Wanstead Birders had their Christmas party this morning. Normally we go to the pub, but 2020 is not normal. Instead six of us met at the Vizmig Point with coffee and mince pies. Some chose to enhance their coffee with a wee nip of brandy, but at 9am I did not feel that I could partake. I drink enough as it is. So it was with a spring in [some of] our steps we relocated to Jubilee to look for rare ducks, and after that to check out the amazing work that Nick and Sean have done at Cat & Dog Pond. Three Pochard were the best of it, but as we were milling around at the edge Richard said something like "isn't this a Med Gull?". And of course it was a Med Gull, a rather beautiful first winter. More than that, it was a full fat tick for Rob, and it was a year tick for quite a few of us, including me, and means that I have reached a somewhat mythical 120 species in a year.
After a bit more birding I went home for a camera and returned to Jubilee to record this momentous event. As I was photographing the Gull I met Tony again who had also come back for another look. It was quite mobile and following it round the pond we eventually ended up back we had started, but this time it was incredibly close as there was a guy chucking bread. As we papped away at it in the melee Tony noted it had flown, which was odd as I was still photographing it. "No it hasn't", I said, "it's right here, look". You can probably guess where this is going. Yes, somehow there were now two Med Gulls on Jubilee, which a bit of back-of-camera inspection by Tony proved beyond doubt. The new bird, also a first winter, was much cleaner on the head.

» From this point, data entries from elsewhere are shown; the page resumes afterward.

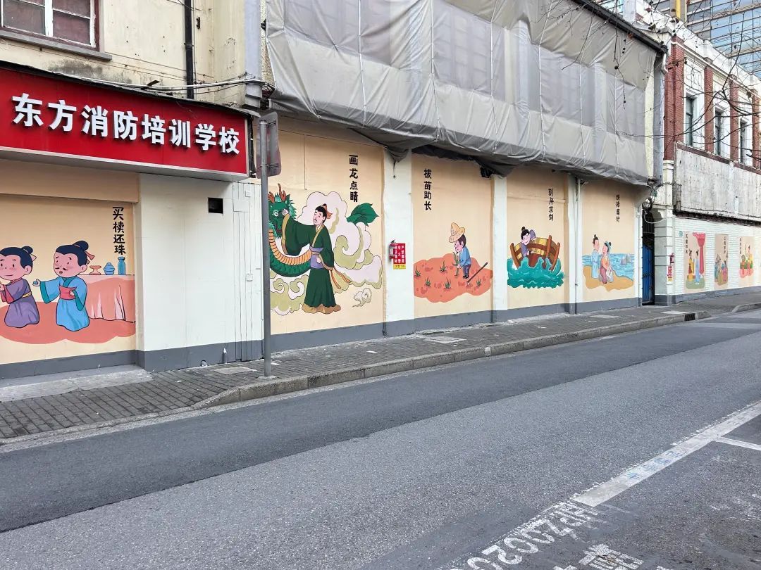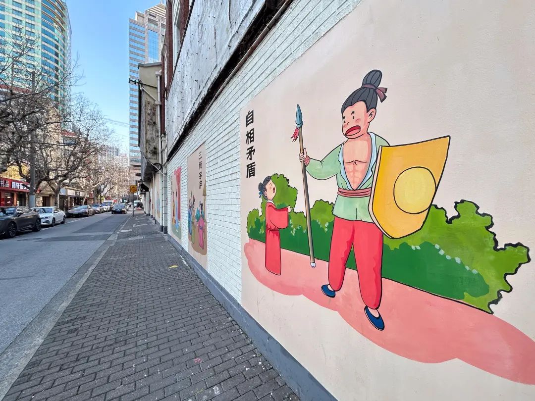注意到没?山西南路、汉口路附近,一幅幅栩栩如生的成语故事跃然墙上——丢了剑在船上做记号的楚人、把和氏璧完好无损地护送回赵国的蔺相如、提笔为龙点睛的张僧繇……这些跃然墙上的“活”成语,用最朴素的画笔为钢筋水泥的城市注入一缕千年文脉的烟火气!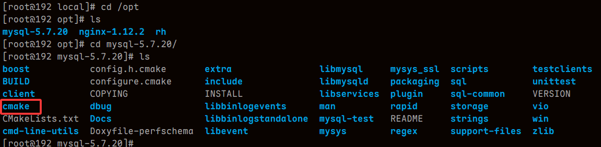 进入我们刚才解压的opt目录下,进入mysql-5.7.20目录,使用ls命令可以看到目录下有一个cmake文件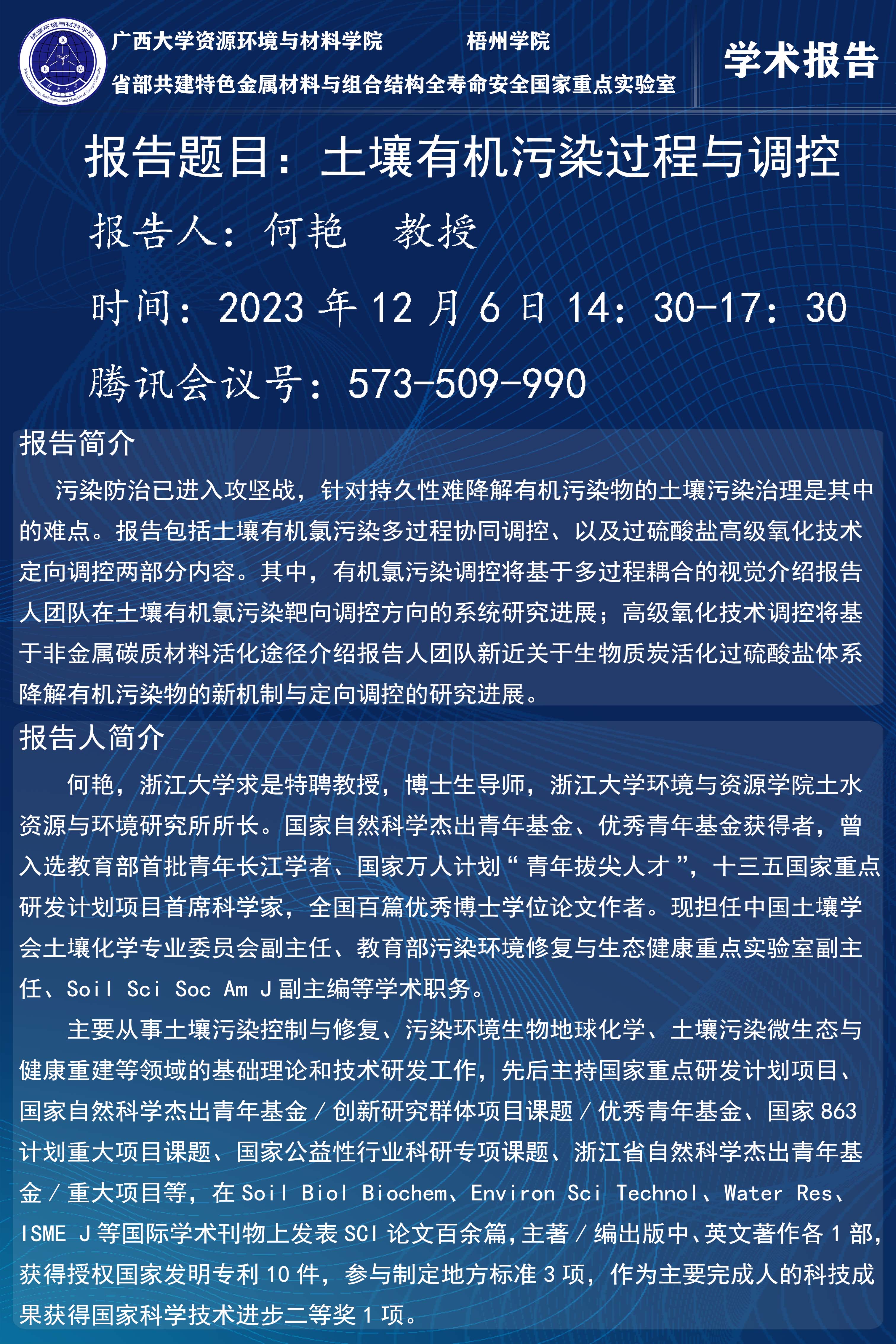 资源环境与材料学院学术报告:土壤有机污染过程与调控
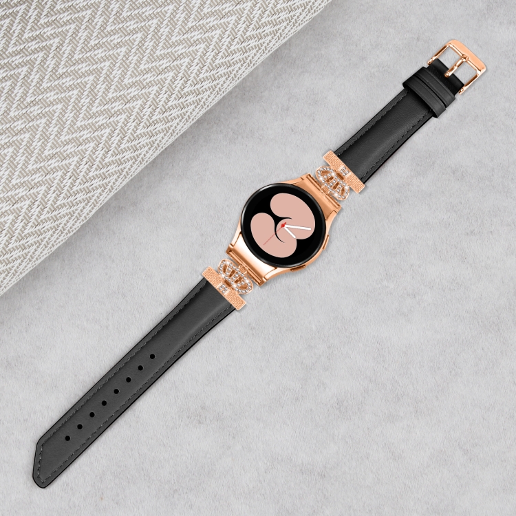 Correa de Cuero para Samsung Galaxy Watch6/6 En Forma de D con Corona Clásica (Oro Rosa Negro)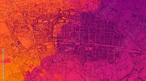 © Tangtong, Obraz premium Vibrant Urban Map Design with Gradient Colors Showcasing Detailed City Layout and Structure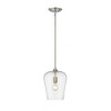 Designed with modern elegance in mind, this brushed nickel pendant is a stunning home decor upgrade. A single light beneath a clear glass shade is suspended from a sleek metal frame to create a magnificent display of light. Material: Glass, Finish Color: Brushed Nickel, Width: 9", Height: 12.25", Lamping Type: Incandescent, Number Of Bulbs: 1, Wattage: 100 Watts, Dimmable: Yes, Moisture Rating: Dry Rated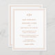 Style classique tonalité terre tout en un faire-part de mariage budget dans une couleur terre cuite / rouille / orange avec un design simple et minimal avec votre monogramme en haut et vos détails de l'événement entouré d'une double bordure. Les fontes alternent entre un script élégant, une fonte serif traditionnelle et minimaliste sans serif. Le dos contient vos informations d'invité ainsi qu'un code QR optionnel (si vous préférez, vous pouvez supprimer le code QR dans l'outil de modification de conception). Cette invitation est idéale pour un mariage officiel.
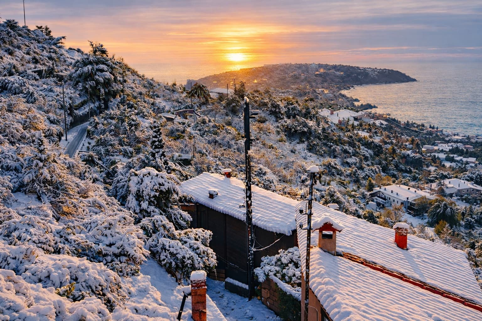 La neige a été observée de façon abondante jusqu'au littoral méditerranéen, ici à Roquebrune-Cap-Martin dans les Alpes-Maritimes à la mi-janvier 1963

And so there were. I mean this is a little bit strange isn't it? But then again it is not without precedent either. Once we had a pair of Golden Plover, and the next day when we went to see if they were still there two had become three. And how can I forget the Greenshank last year that doubled almost before my very eyes. Next time I go back they will probably outnumber the Greylag.
|The original bird is the one on the right (in all three photographs)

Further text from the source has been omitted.